As well as giving rise to hundreds of new bands captained (or perhaps "pirated" would be a better term) by hungry young Turks fueled by the D.I.Y. lessons of punk rock, the New Wave of British Heavy Metal of the early '80s also provided a tolerant platform for numerous groups that had been struggling to launch their careers for much of the previous decade. And as history would record, these ranged from eventual superstars (Iron Maiden, formed in 1975) to middle of the pack favorites (Raven, 1974) and, of course, plenty of utterly obscure relics like Ritual (1973). The latter hailed from the city of London and were led by vocalist and guitarist Gypsy Re Bethe throughout their largely undocumented existence. This was largely consumed with numerous club gigs and cassette demos, before a proper debut single matching a ragged heavy rocker named "Into the Night" with an instrumental B-side called "Burning" was finally pressed in 1981. But with little in the way of marketing support from the band's label, Romany Records, the single was quickly buried amid the surrounding NWOBHM cacophony, and Ritual had to wait another two years before getting a chance to record their first album, Widow. Ironically, this only confused matters even further for the band, when their name was erroneously omitted from the cover art on three out of four copies printed, leading most of those who actually obtained one to believe that both album and group were named Widow.

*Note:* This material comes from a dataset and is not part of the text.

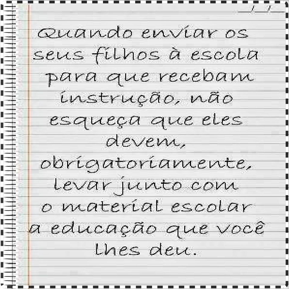 Já que vocês buscam uma educação de qualidade, favor frequentar as reuniões na escola de seu filho, participar da sua vida escolar, ensinar o valor da educação e a necessidade de se respeitar o próximo, valorizar o professor e cuidar bem da escola, pois do contrário, sua busca por mudança será pura hipocrisia.
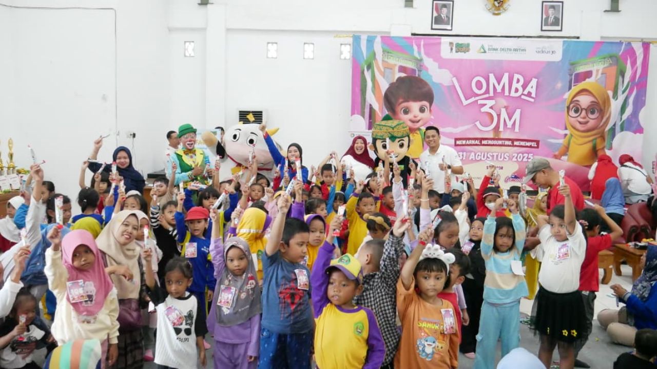 Sidoarjo (republikjatim.com) - Tangan - tangan mungil siswa dan siswi Taman Kanak-Kanak (TK) di Sidoarjo tampak riang mewarnai, menggunting dan menempel kertas warna-warni. Di balik keseruan itu, PT BPR Delta Artha Perseroda menyelipkan pesan penting yaitu membiasakan menabung sejak dini melalui Lomba 3M (Mewarnai, Menggunting dan Menempel) itu.

Notwithstanding this comedy of errors, the trio of Bethe, bassist Phil Mason, and drummer Rex Duvall gamely supported the LP as best they could, both on-stage and on the airwaves, as guests on Alan Freeman's popular Friday Night Rock Show. At the end of the day, though, Widow's production standards left something to be desired, and its songs' predominantly gothic/doom qualities — akin to Witchfinder General and Pagan Altar — were largely at odds with prevailing NWOBHM trends, which prized energy and aggression above all else. So as the decade wore on, Ritual's profile remained deeply underground and their very survival was ever in doubt; yet they repeatedly conquered adversity and anonymity by playing at any venue that would have them, and recording the odd single when they could — including 1986's "Never Look Back" and 1988's "Cry in the Night." And, ultimately, Bethe's persistence paid off when he was able to record a second Ritual album entitled Valley of the Kings in 1993, with the help of long-serving bassist Mason and newer member John Gaster on drums.

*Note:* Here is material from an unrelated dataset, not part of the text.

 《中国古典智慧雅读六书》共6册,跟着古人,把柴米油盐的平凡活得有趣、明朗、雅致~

Unfortunately, once again there was little financial or promotional support to be had, and, at any rate, the market for the band's style of traditional heavy metal (well, any sort of heavy metal!) had grown selective, at best, in the flannel-flying '90s. As a result, Ritual would remain confined to the heavy metal underground thereafter, continuing to work when possible and enjoy cult favor among the heavy metal cognoscenti, while weathering additional setbacks like Gaster's death from pancreatic cancer in 2001 (he was duly replaced by new drummer Zak Bartok). Then, in 2008, their legacy was unearthed and finally given some manner of belated recognition when both albums were reissued with a smattering of bonus cuts and revealing liner notes by Shadow King Records. What's more, Gypsy Re Bethe maintains that Ritual will be heard from again, whether the mainstream ever starts paying attention or not.